═══ ENTRIES SHOWN
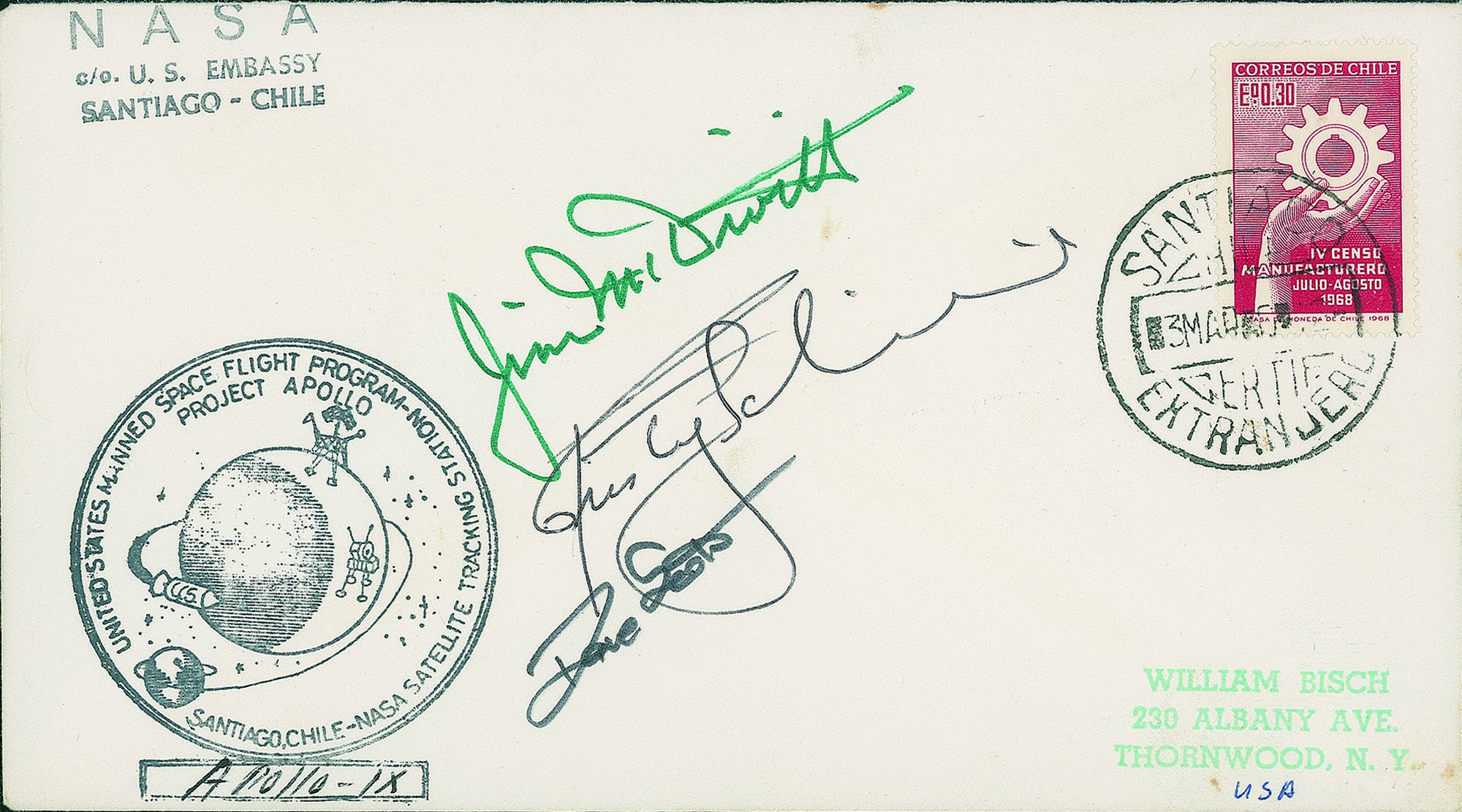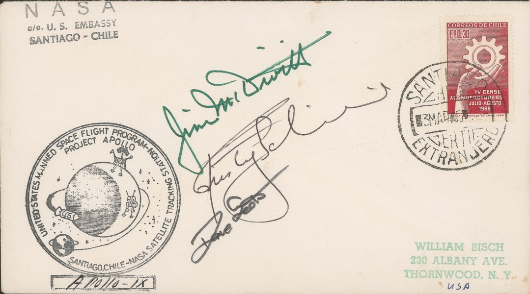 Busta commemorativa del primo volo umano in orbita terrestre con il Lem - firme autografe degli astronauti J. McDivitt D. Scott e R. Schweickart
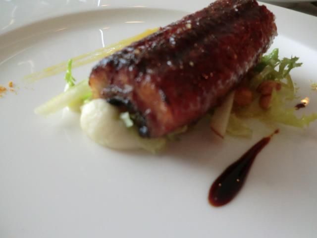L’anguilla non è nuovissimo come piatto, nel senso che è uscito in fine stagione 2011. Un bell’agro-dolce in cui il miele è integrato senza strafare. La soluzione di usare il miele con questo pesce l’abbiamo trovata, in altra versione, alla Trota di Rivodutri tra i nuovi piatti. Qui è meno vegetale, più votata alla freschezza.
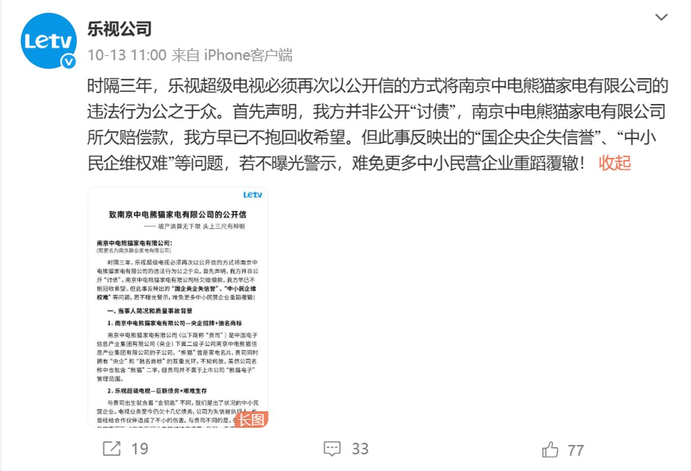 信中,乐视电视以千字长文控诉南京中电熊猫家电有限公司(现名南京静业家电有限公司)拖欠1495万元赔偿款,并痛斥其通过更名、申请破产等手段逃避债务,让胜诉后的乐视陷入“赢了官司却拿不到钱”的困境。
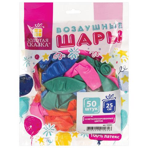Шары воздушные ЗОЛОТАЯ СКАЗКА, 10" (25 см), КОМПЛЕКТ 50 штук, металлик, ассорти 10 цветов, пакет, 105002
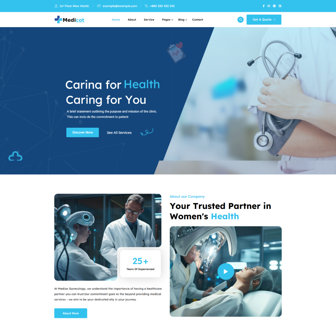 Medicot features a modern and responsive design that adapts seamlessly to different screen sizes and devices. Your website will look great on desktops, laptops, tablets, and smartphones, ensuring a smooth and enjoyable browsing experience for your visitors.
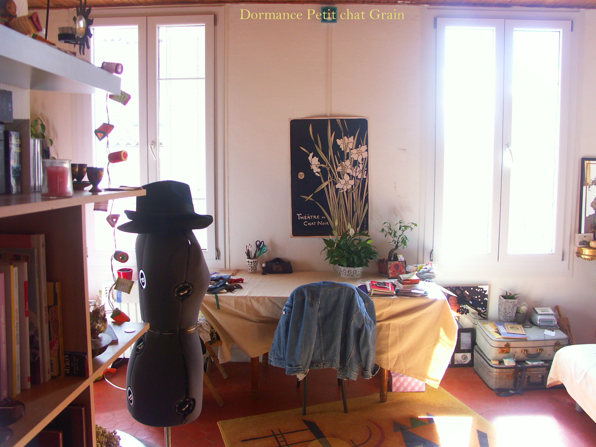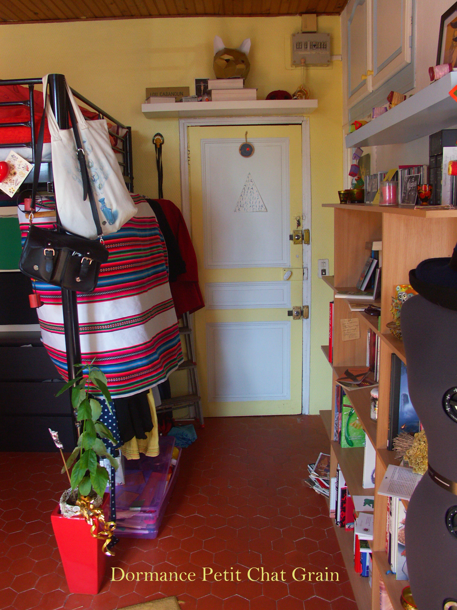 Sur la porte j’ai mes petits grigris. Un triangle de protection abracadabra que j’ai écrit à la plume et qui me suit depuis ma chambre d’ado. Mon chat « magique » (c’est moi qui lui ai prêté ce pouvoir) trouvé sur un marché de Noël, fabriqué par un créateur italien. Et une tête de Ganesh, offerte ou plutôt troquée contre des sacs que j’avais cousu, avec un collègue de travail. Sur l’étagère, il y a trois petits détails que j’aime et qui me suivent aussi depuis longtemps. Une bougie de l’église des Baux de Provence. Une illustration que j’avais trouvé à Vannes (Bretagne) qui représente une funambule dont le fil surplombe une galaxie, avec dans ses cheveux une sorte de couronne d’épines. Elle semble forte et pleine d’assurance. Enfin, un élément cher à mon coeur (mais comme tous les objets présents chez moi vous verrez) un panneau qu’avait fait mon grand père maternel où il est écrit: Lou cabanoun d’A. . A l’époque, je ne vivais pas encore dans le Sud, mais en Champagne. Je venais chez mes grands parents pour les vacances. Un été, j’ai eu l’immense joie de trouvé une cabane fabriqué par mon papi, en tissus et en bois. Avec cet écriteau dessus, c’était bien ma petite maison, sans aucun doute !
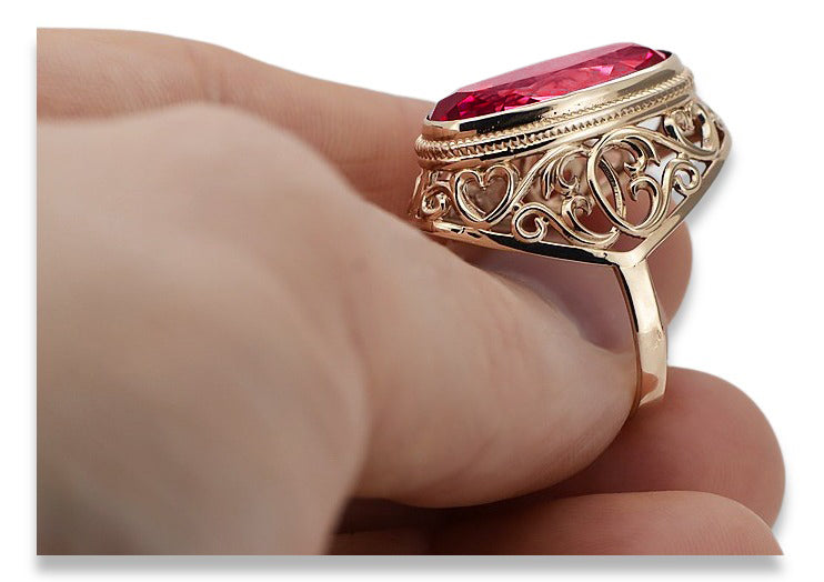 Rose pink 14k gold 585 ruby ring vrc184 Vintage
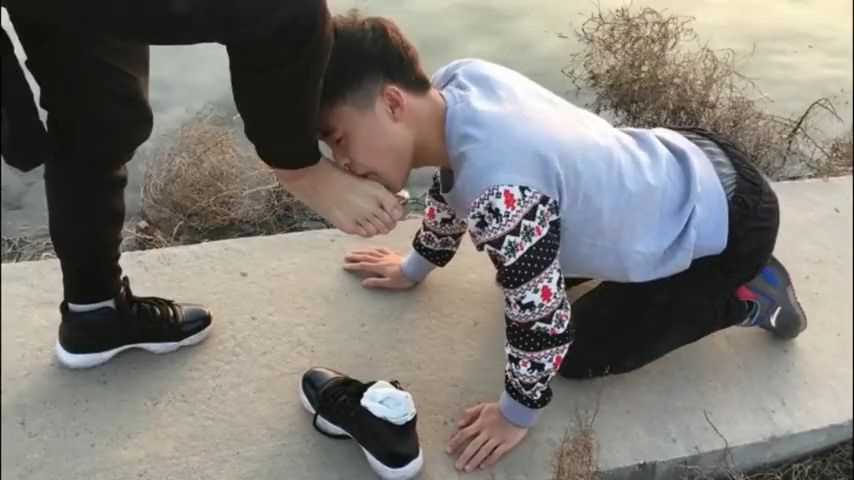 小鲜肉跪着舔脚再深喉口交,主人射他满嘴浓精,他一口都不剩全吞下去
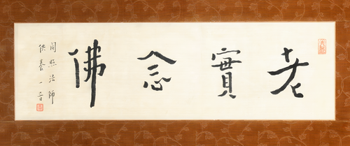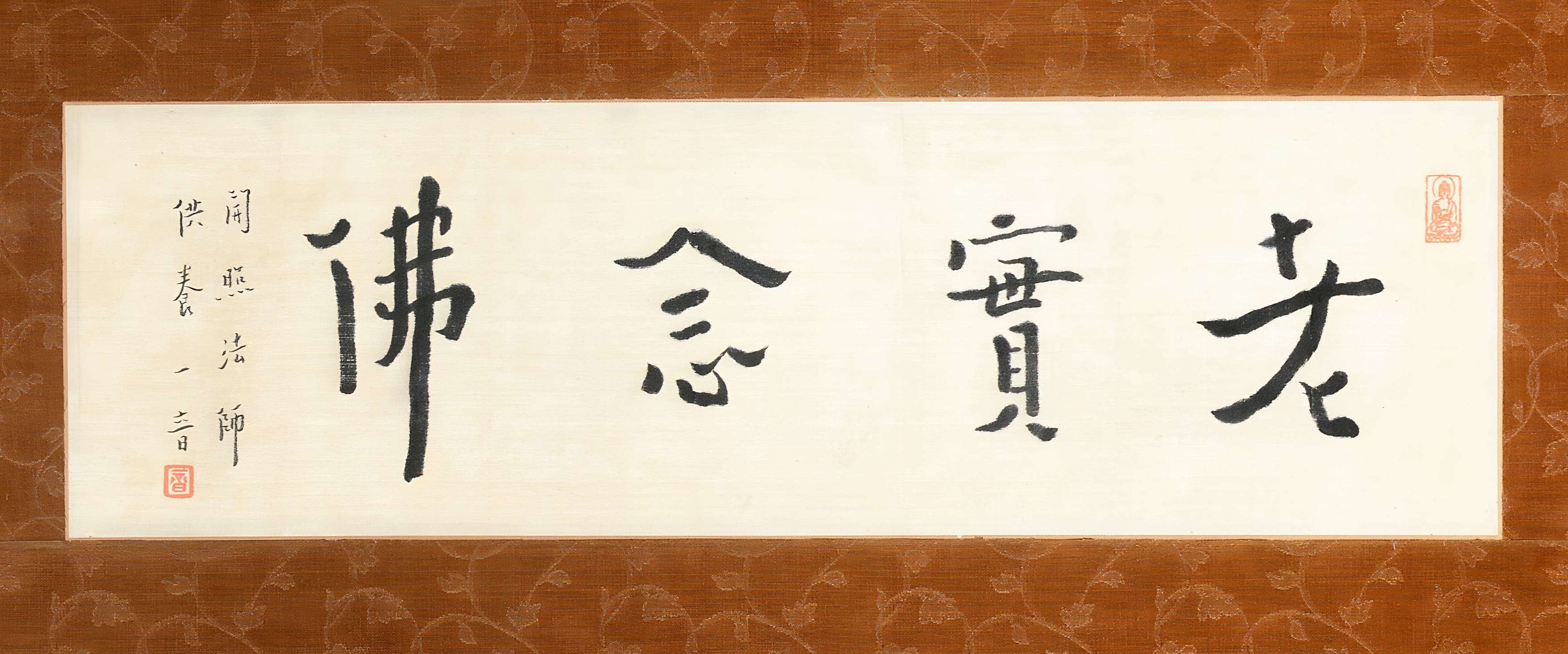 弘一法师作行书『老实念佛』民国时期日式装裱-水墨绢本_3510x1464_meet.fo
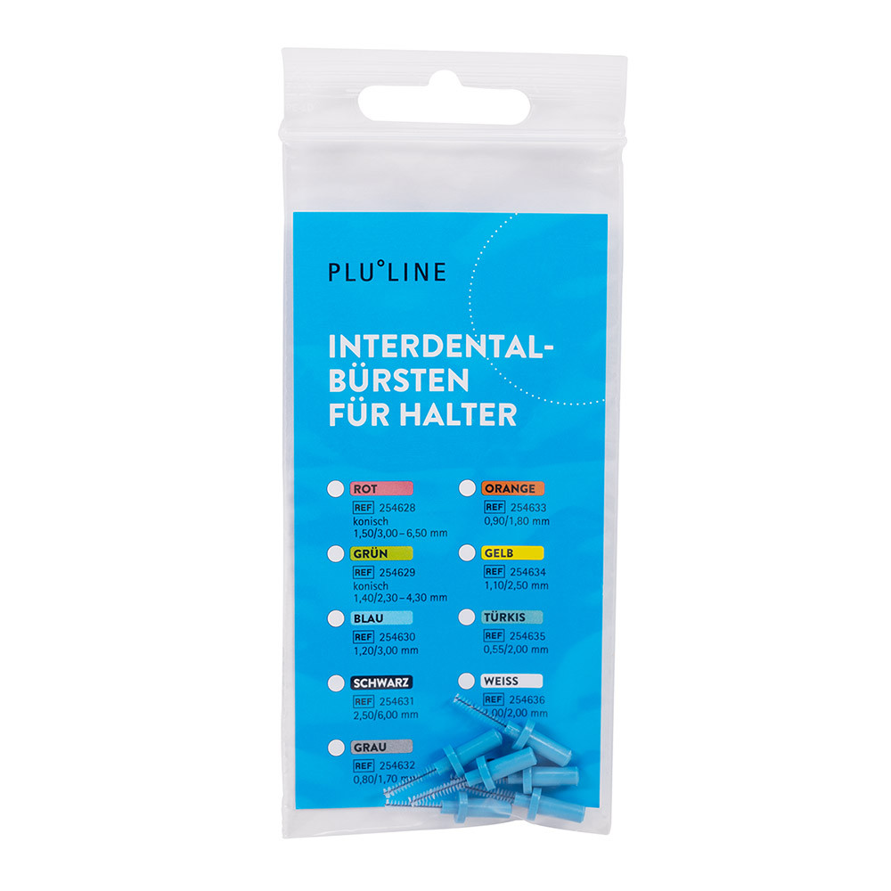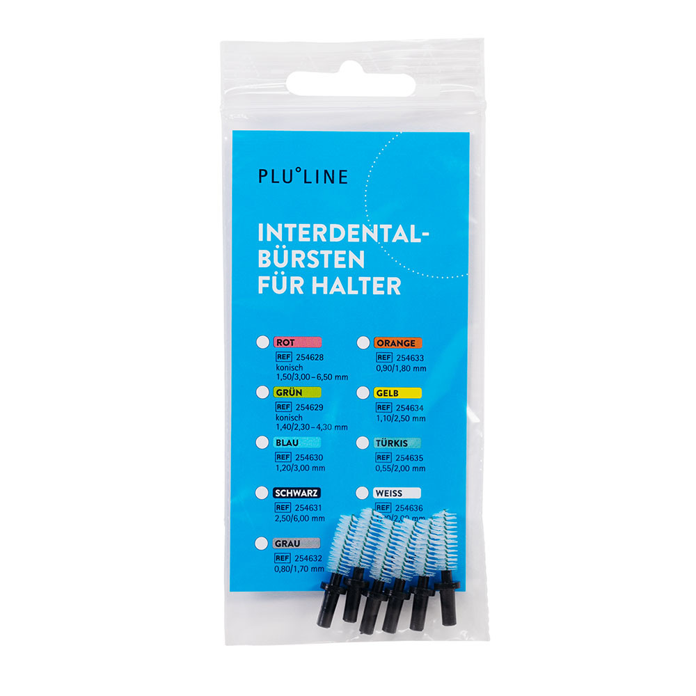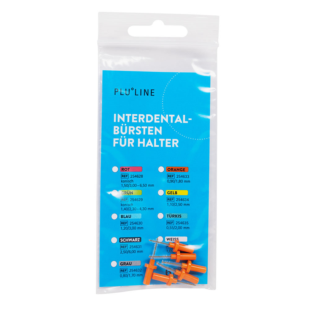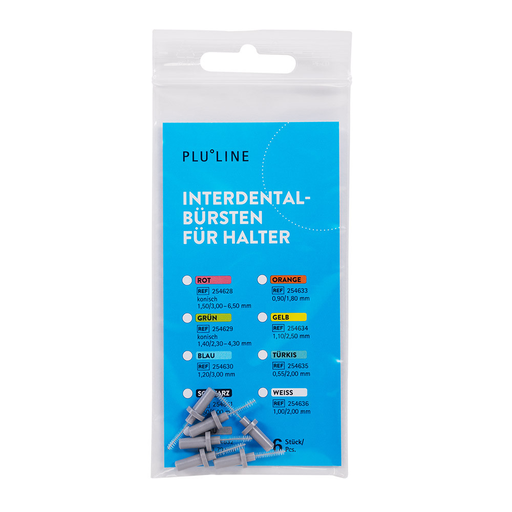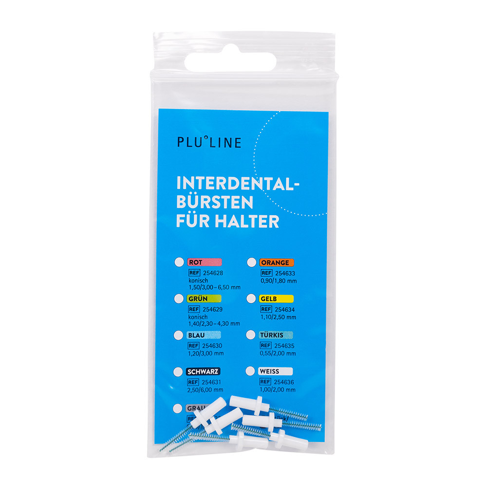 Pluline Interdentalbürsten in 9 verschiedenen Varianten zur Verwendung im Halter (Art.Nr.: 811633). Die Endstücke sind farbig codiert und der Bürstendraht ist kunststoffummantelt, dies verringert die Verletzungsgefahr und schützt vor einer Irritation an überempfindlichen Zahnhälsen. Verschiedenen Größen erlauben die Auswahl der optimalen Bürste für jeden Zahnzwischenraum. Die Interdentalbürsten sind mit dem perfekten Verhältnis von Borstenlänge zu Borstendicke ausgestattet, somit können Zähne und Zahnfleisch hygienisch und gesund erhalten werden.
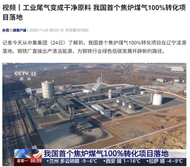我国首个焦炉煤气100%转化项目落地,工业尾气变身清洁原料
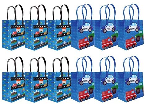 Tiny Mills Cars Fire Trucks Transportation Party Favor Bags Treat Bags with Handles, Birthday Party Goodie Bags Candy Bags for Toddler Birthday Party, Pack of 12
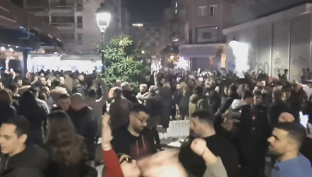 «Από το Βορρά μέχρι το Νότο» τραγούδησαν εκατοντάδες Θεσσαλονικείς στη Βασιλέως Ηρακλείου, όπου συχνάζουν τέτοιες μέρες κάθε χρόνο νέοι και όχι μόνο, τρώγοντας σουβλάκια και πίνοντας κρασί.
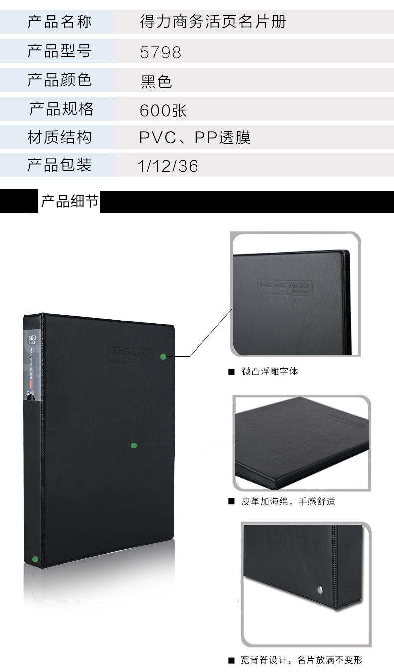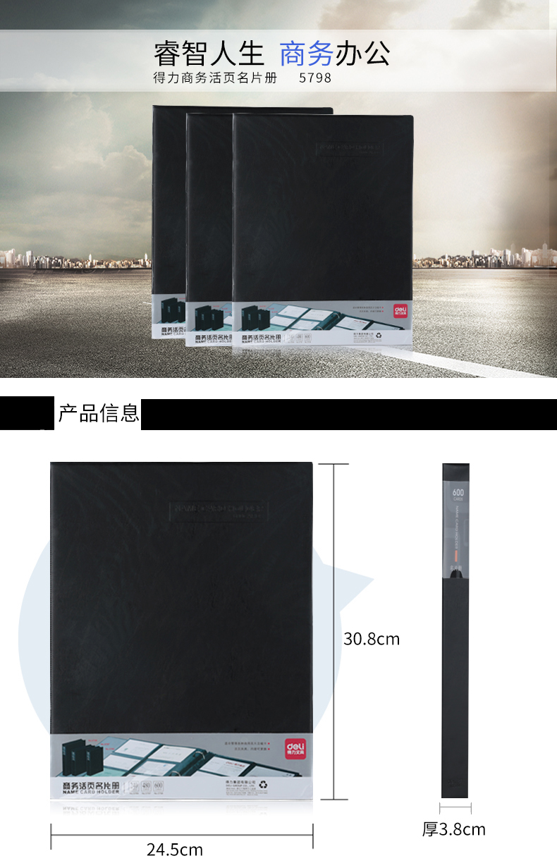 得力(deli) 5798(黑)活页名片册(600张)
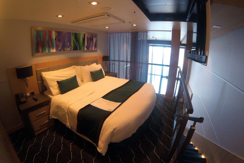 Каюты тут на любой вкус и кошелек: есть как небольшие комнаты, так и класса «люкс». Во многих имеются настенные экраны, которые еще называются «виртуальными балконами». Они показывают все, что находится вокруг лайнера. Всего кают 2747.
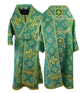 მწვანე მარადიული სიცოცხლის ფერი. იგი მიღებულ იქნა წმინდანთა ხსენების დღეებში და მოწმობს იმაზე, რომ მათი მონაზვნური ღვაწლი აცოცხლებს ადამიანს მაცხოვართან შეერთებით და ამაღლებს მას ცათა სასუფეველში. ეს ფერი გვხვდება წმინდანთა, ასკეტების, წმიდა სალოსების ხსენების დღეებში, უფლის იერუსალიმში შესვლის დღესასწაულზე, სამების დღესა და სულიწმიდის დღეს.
══════
GOAL OF THE EXERCISE
None of the pictures should be copied, but every record above must be returned exactly.

TASK RESULT
 Busta commemorativa del primo volo umano in orbita terrestre con il Lem - firme autografe degli astronauti J. McDivitt D. Scott e R. Schweickart
L’anguilla non è nuovissimo come piatto, nel senso che è uscito in fine stagione 2011. Un bell’agro-dolce in cui il miele è integrato senza strafare. La soluzione di usare il miele con questo pesce l’abbiamo trovata, in altra versione, alla Trota di Rivodutri tra i nuovi piatti. Qui è meno vegetale, più votata alla freschezza.
 信中,乐视电视以千字长文控诉南京中电熊猫家电有限公司(现名南京静业家电有限公司)拖欠1495万元赔偿款,并痛斥其通过更名、申请破产等手段逃避债务,让胜诉后的乐视陷入“赢了官司却拿不到钱”的困境。
Шары воздушные ЗОЛОТАЯ СКАЗКА, 10" (25 см), КОМПЛЕКТ 50 штук, металлик, ассорти 10 цветов, пакет, 105002
 Medicot features a modern and responsive design that adapts seamlessly to different screen sizes and devices. Your website will look great on desktops, laptops, tablets, and smartphones, ensuring a smooth and enjoyable browsing experience for your visitors.
 Sur la porte j’ai mes petits grigris. Un triangle de protection abracadabra que j’ai écrit à la plume et qui me suit depuis ma chambre d’ado. Mon chat « magique » (c’est moi qui lui ai prêté ce pouvoir) trouvé sur un marché de Noël, fabriqué par un créateur italien. Et une tête de Ganesh, offerte ou plutôt troquée contre des sacs que j’avais cousu, avec un collègue de travail. Sur l’étagère, il y a trois petits détails que j’aime et qui me suivent aussi depuis longtemps. Une bougie de l’église des Baux de Provence. Une illustration que j’avais trouvé à Vannes (Bretagne) qui représente une funambule dont le fil surplombe une galaxie, avec dans ses cheveux une sorte de couronne d’épines. Elle semble forte et pleine d’assurance. Enfin, un élément cher à mon coeur (mais comme tous les objets présents chez moi vous verrez) un panneau qu’avait fait mon grand père maternel où il est écrit: Lou cabanoun d’A. . A l’époque, je ne vivais pas encore dans le Sud, mais en Champagne. Je venais chez mes grands parents pour les vacances. Un été, j’ai eu l’immense joie de trouvé une cabane fabriqué par mon papi, en tissus et en bois. Avec cet écriteau dessus, c’était bien ma petite maison, sans aucun doute !
 Rose pink 14k gold 585 ruby ring vrc184 Vintage
 小鲜肉跪着舔脚再深喉口交,主人射他满嘴浓精,他一口都不剩全吞下去
 弘一法师作行书『老实念佛』民国时期日式装裱-水墨绢本_3510x1464_meet.fo
 Pluline Interdentalbürsten in 9 verschiedenen Varianten zur Verwendung im Halter (Art.Nr.: 811633). Die Endstücke sind farbig codiert und der Bürstendraht ist kunststoffummantelt, dies verringert die Verletzungsgefahr und schützt vor einer Irritation an überempfindlichen Zahnhälsen. Verschiedenen Größen erlauben die Auswahl der optimalen Bürste für jeden Zahnzwischenraum. Die Interdentalbürsten sind mit dem perfekten Verhältnis von Borstenlänge zu Borstendicke ausgestattet, somit können Zähne und Zahnfleisch hygienisch und gesund erhalten werden.
我国首个焦炉煤气100%转化项目落地,工业尾气变身清洁原料
 Tiny Mills Cars Fire Trucks Transportation Party Favor Bags Treat Bags with Handles, Birthday Party Goodie Bags Candy Bags for Toddler Birthday Party, Pack of 12
 «Από το Βορρά μέχρι το Νότο» τραγούδησαν εκατοντάδες Θεσσαλονικείς στη Βασιλέως Ηρακλείου, όπου συχνάζουν τέτοιες μέρες κάθε χρόνο νέοι και όχι μόνο, τρώγοντας σουβλάκια και πίνοντας κρασί.
 得力(deli) 5798(黑)活页名片册(600张)
 Каюты тут на любой вкус и кошелек: есть как небольшие комнаты, так и класса «люкс». Во многих имеются настенные экраны, которые еще называются «виртуальными балконами». Они показывают все, что находится вокруг лайнера. Всего кают 2747.
 მწვანე მარადიული სიცოცხლის ფერი. იგი მიღებულ იქნა წმინდანთა ხსენების დღეებში და მოწმობს იმაზე, რომ მათი მონაზვნური ღვაწლი აცოცხლებს ადამიანს მაცხოვართან შეერთებით და ამაღლებს მას ცათა სასუფეველში. ეს ფერი გვხვდება წმინდანთა, ასკეტების, წმიდა სალოსების ხსენების დღეებში, უფლის იერუსალიმში შესვლის დღესასწაულზე, სამების დღესა და სულიწმიდის დღეს.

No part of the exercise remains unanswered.